Intro to Version Control and Git_ Commits, Merge, Rebase

Topics to be covered¶

Types of Version Control Systems (VCS)
Understanding Commits in Git
Working with Branches in Git
Merge Operations in Git
Rebase in Git

The Need for Version Control Systems¶

Version control systems (VCS) are essential tools in software development, providing a way to manage and track changes to code over time. They address several key needs:

Collaboration:

When multiple developers work on a project, VCS helps manage changes made by different people, ensuring that code can be merged and integrated smoothly.

Historical Reference:

VCS allows developers to go back to previous versions of the codebase. This is useful for debugging, understanding the evolution of the code, or reverting to a stable version after introducing new changes.

Version Tracking:

It enables developers to see who made changes, what changes were made, and why those changes were made, through detailed logs and history tracking.

Types of Version Control Systems¶

There are two main types of version control systems: Centralized and Distributed.

Centralized Version Control System (CVCS)¶

Overview:
- In a centralized version control system, there is a single, central server that contains the entire codebase and its history. Developers must connect to this server to retrieve the latest version of the code and to push their changes.
- This central server acts as a hub for all versioning activities.
Example:
- Google Docs is an analogy for understanding CVCS. When working on a document in Google Docs, all changes are saved on Google’s servers.

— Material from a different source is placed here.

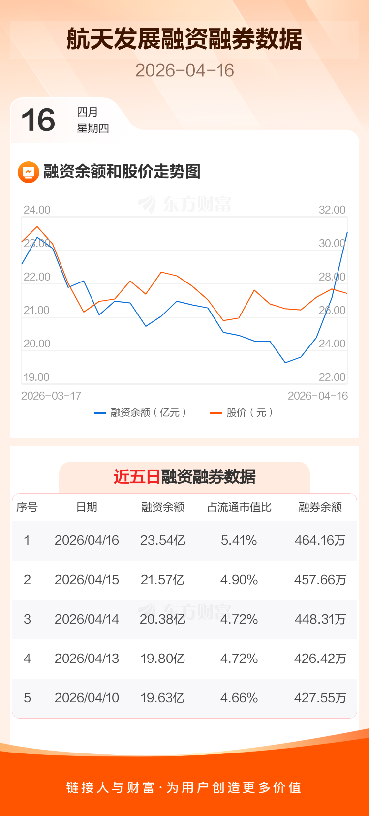 交易所最新数据显示,航天发展于2026年4月16日获融资买入6.55亿元,融资偿还4.57亿元,当日融资净买入1.98亿元。目前,该股融资余额23.54亿,占流通市值比例为5.41%。

If the internet connection is lost, users cannot make further changes until the connection is restored.
Workflow:
- Developers must always be connected to the central server to perform any version control tasks, such as committing changes, viewing history, or updating to the latest version.
Issues with CVCS:
- Internet Dependency:
If the server is inaccessible (e.g., due to network issues), no work can be done.
- Single Point of Failure (SPOF):
The central server is a single point of failure. If it crashes or becomes corrupted, the entire project may be at risk.

Distributed Version Control System (DVCS)¶

Overview:
- In a distributed version control system, each developer has a full copy of the codebase, including its complete history, on their local machine. This system eliminates the need to be constantly connected to a central server.
Workflow:
1. Initial Setup: The developer connects to the central server to clone the entire codebase onto their local machine.
2. Local Development: They can work independently, making changes and committing them locally.
3. Synchronization: When ready, the developer can push their changes back to the central server to share them with others.
Advantages of DVCS:
- Offline Work:
Developers can work offline, without needing to be constantly connected to the central server.
- Resilience:
Since every developer has a complete copy of the codebase, there is no single point of failure. If the central server goes down, work can continue, and the server can be restored from any developer’s copy.
Disadvantages of DVCS:
- Storage:
The need to clone the entire codebase, including its history, can be a burden, especially for large projects. This might require substantial disk space and can be time-consuming.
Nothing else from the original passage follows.